*Action item:* Reproduce the entries below exactly, but only from the line containing "據(jù)統(tǒng)計(jì),我國" to the line containing "嘉华湘江2号证券投资集合资金信托计划净值披露(2016年12月23日)", inclusive.

*The data:*
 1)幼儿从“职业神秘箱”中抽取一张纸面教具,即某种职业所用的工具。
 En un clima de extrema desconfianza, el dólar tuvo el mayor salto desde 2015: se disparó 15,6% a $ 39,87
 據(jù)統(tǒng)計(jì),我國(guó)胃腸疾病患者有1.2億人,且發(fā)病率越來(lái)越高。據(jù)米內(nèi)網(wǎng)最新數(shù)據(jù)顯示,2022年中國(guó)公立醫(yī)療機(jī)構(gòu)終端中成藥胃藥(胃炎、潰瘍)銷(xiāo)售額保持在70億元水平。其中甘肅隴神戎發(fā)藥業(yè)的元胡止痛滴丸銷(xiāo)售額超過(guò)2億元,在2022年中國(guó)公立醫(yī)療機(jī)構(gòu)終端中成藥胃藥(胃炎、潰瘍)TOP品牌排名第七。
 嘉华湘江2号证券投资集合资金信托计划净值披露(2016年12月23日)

--

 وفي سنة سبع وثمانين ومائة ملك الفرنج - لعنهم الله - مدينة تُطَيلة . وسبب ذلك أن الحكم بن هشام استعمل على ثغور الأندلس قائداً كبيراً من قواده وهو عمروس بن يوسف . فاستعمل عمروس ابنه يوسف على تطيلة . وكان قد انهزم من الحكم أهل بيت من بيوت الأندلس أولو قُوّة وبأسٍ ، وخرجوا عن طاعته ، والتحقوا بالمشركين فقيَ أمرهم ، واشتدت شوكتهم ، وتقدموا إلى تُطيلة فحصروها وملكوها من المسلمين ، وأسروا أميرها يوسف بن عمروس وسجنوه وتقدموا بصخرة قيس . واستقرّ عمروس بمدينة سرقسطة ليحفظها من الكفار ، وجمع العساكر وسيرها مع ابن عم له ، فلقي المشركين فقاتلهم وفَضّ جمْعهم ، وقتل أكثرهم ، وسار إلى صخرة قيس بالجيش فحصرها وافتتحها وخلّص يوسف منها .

*Answer below:*
 據(jù)統(tǒng)計(jì),我國(guó)胃腸疾病患者有1.2億人,且發(fā)病率越來(lái)越高。據(jù)米內(nèi)網(wǎng)最新數(shù)據(jù)顯示,2022年中國(guó)公立醫(yī)療機(jī)構(gòu)終端中成藥胃藥(胃炎、潰瘍)銷(xiāo)售額保持在70億元水平。其中甘肅隴神戎發(fā)藥業(yè)的元胡止痛滴丸銷(xiāo)售額超過(guò)2億元,在2022年中國(guó)公立醫(yī)療機(jī)構(gòu)終端中成藥胃藥(胃炎、潰瘍)TOP品牌排名第七。
 嘉华湘江2号证券投资集合资金信托计划净值披露(2016年12月23日)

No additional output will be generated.